One of the greatest myths of innovation is the idea of ​​the lone inventor. Such a creature never existed. Innovation requires a team, a village, a legion. Great innovators recognize one of the most persistent discoveries of innovation literature – magic happens in intersections, where Mindsets and skills collide.

Going to intersections can be as simple as taking magazines from different fields or asking AI to take a different persona. It is a simple way to make magic happen.

4. Willingness to experiment

Child was a master in experimentation. Although there were about 1,000 recipes in “Mastering the Art of French Cooking”, a remarkable absence was French bread. The challenge was that the creation of a distinct crispness of a baguette seemed to demand the special oven of a French boulangerie.

In what she called “a great experiment of French bread,” Child and her husband Paul tested more than 30 different approaches before determining that he drops a brick, stone, or head of hot metal ax (if you had one nearby) in a pan of cold water at the bottom of the oven created a wonderfully effective vapor breath.

Child shows how the key to experimentation is to remember that there is no failure when you didn’t know and couldn’t know the answer beforehand.
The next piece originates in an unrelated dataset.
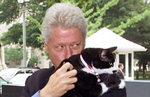 索克斯曾是一只普普通通的流浪貓,或許是受命運(yùn)之神的眷顧,索克斯被克林頓的女兒切爾西收留為寵物。索克斯背部毛色漆黑,四個(gè)爪子卻呈雪白色,如同穿了四只白色的襪子一樣可愛(ài),因此被命名為索克斯(Socks,英文原意是短襪)。1992年,克林頓入主白宮,索克斯也隨著第一家庭到了華盛頓,升格為“第一貓”。在白宮的8年里,它多次追隨主人出現(xiàn)在公眾面前;它的照片還出現(xiàn)在白宮的圣誕卡片上。克林頓一家離開白宮后,索克斯由柯里收養(yǎng)。不過(guò)前“第一家庭”并沒(méi)有和它切斷聯(lián)系,在競(jìng)選2008年美國(guó)總統(tǒng)時(shí),希拉里頻頻把索克斯掛在嘴邊,試圖軟化“鐵娘子”形象。(汝智)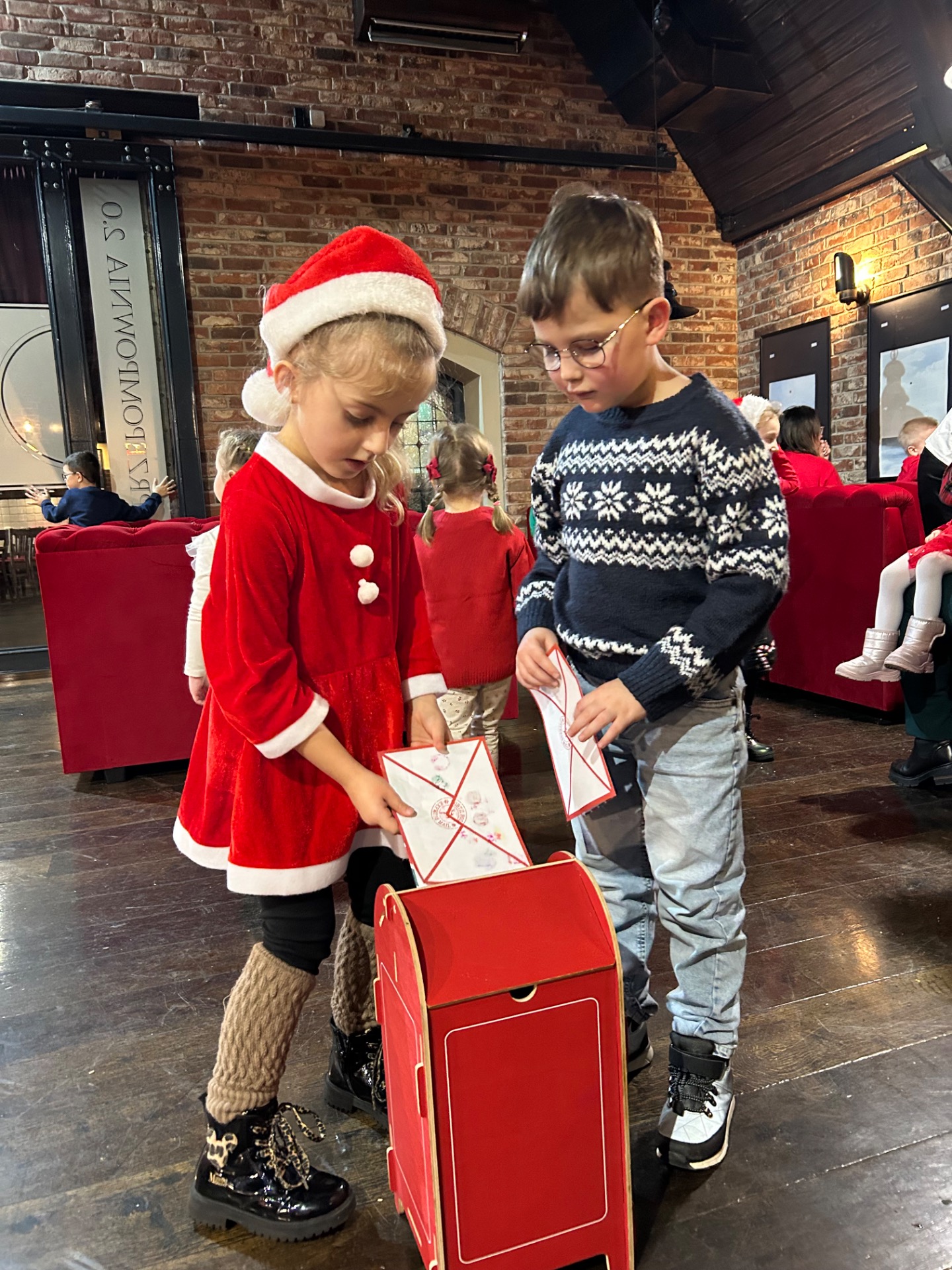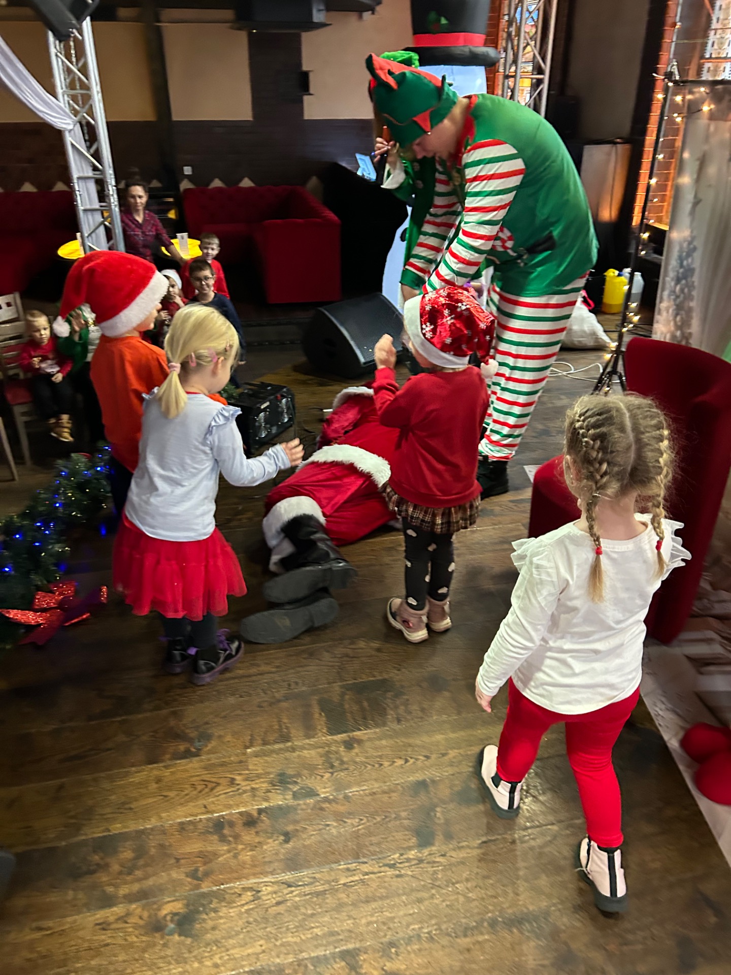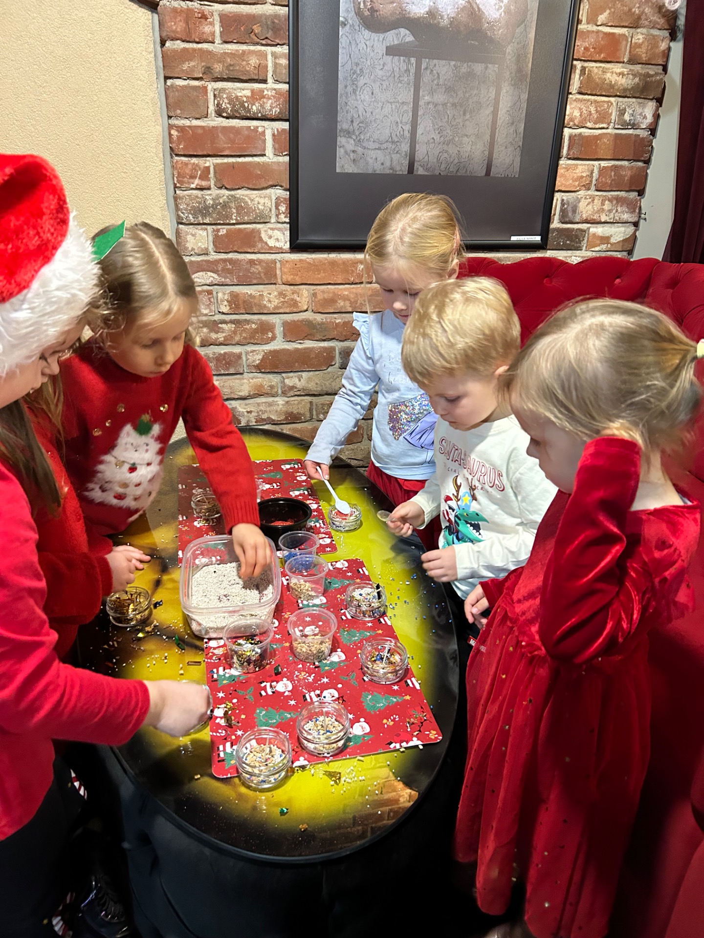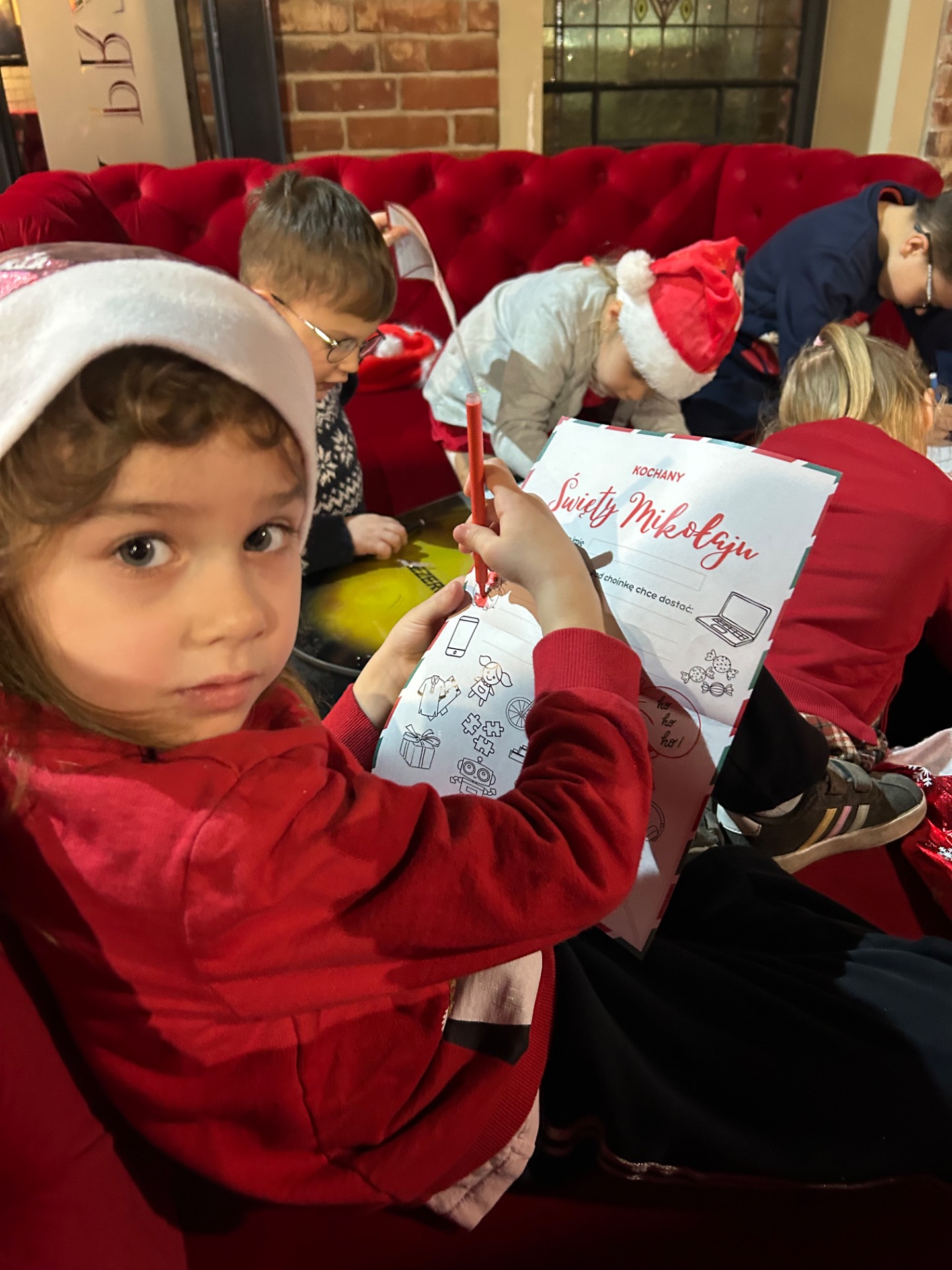 Podczas wizyty: oglądaliśmy przedstawienie przygotowane specjalnie dla najmłodszych, wspólnie śpiewaliśmy kolędy, zajadaliśmy się słodkim poczęstunkiem, braliśmy udział w warsztatach świątecznych oraz – co najważniejsze – spotkaliśmy się ze Świętym Mikołajem!

There is only learning.

5. Persistence

Finally, Child persisted in setbacks and difficulties. For example, she, Beck, and Bertholder signed a contract in 1952 with the House Mifflin to produce the book. In 1958, the Highton Mifflin said the 700 pages that covered only sauces and birds were too much and asked for a simpler and more concise book.

Child and co -authors rewritten the book. Eighteen months later, despite calling the book “Culinary Art”, Hoket Mifflin’s chief editor Paul Brooks said he was still very dense and complicated, and refused to publish it. Fortunately, Child’s friend Avis Devoto connected the authors to Judy Jones to Alfred Knopf and, two years later, the book was released and was a resounding success.

Child demonstrated what Carol Dweck, Stanford, calls growth mindset. She saw the setbacks neither as permanent nor as things that revealed personal limitations. Instead, she saw them like steps on the way to success.

“Mastering the Art of French Cooking” was just the beginning for Child. She wrote a dozen other recipe books and became a television star with her show, The French Chef. In all this, she sought to make good cooking accessible to a wider population.

“No one is born a big cook,” she wrote in her memories. “Learn by doing. This is my invariable advice for people: learn to cook-try new recipes, learn from your mistakes, and, above all, have fun!”

Child -followed behaviors are not particularly difficult. Curiosity, trial experimentation and error and willingness to persevere even in failure are common among children. It all comes down to having the right mindset.

The legendary disruptive innovative Steve Jobs put well when he said, “Everything around you you call ‘life’ was done by people who were no smarter than you. And you can change it, you can influence it, you can build your own things that other people can use. After you learn it, you will never be the same.”

In essence, great disruptive innovators are like you and you.

The musical Back to the Future had a captivating song titled “For the Dreamers” (for dreamers), who “never stop believing / a grain of sand becomes a pearl / A great idea can change the world / They can see what others don’t see / try things others wouldn’t try.”

Try a little disruptive dream. Ask questions. Look at the world through the eyes of its potential customers. Run an experiment. Try again if it doesn’t work. It sounds so modest, but these are the ingredients that change the world.

c.2025 Harvard Business Review. Distribuído pela New York Times Licensing.